Monday, 2 March 2015
Know Your HOA-Part 2

In last week's post about HOA's, I told you the basic premise of what an HOA is and I encouraged you to make sure you understand the fees that are assessed each month or quarter if you buy a home that is governed by an HOA. In this week's post I'd like to explain briefly why it is so important for you to know the specific rules and regulations of your current HOA and/or those governing a neighborhood in which you would like to purchase a home.

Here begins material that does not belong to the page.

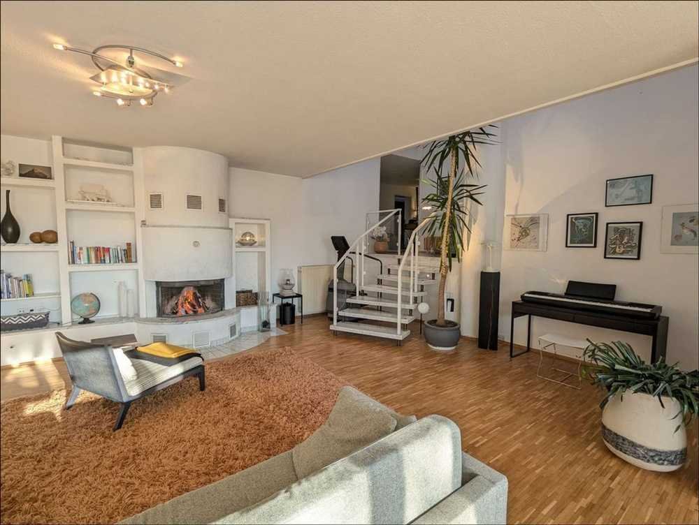 Die moderne Küche mit Miele-Geräten und Granitplatte führt direkt zur großen Terrasse – perfekt für gemeinsames Kochen und gemütliche Abende mit Familie und Freunden. Das Wohnzimmer liegt einige Stufen tiefer, wodurch der Split-Level-Charakter charmant betont wird, und öffnet sich zu einer zweiten Terrasse mit Blick ins Grüne. Ein offener Kamin sorgt in der kühleren Jahreszeit für behagliche Wärme. Der private Garten ist vollständig eingefriedet und bietet absolute Ruhe und Privatsphäre – ein seltener Luxus, der Ihnen ein echtes Haus-im-Haus-Gefühl vermittelt.

For the most part, HOA's are great protection for your home's property value.  Some of the rules might seem unreasonable, but as one reporter for CNN Money says, "While the rules may seem arbitrary, you have to ask yourself, 'What if every resident did the same thing?' said Rathbun. In other words, the fact that your neighbor can't put his car on blocks in the front yard is probably to your benefit."

Your main responsibility as a homeowner in an HOA is to know the rules and regulations and to be a part of the democratic process that governs the HOA in which you live. By reading and knowing the bylaws, you can avoid costly mistakes, and by attending meetings, speaking up, and voting, you can guide what happens within your HOA. Being a part of your HOA will also establish more accountability toward those in leadership positions who make the decisions.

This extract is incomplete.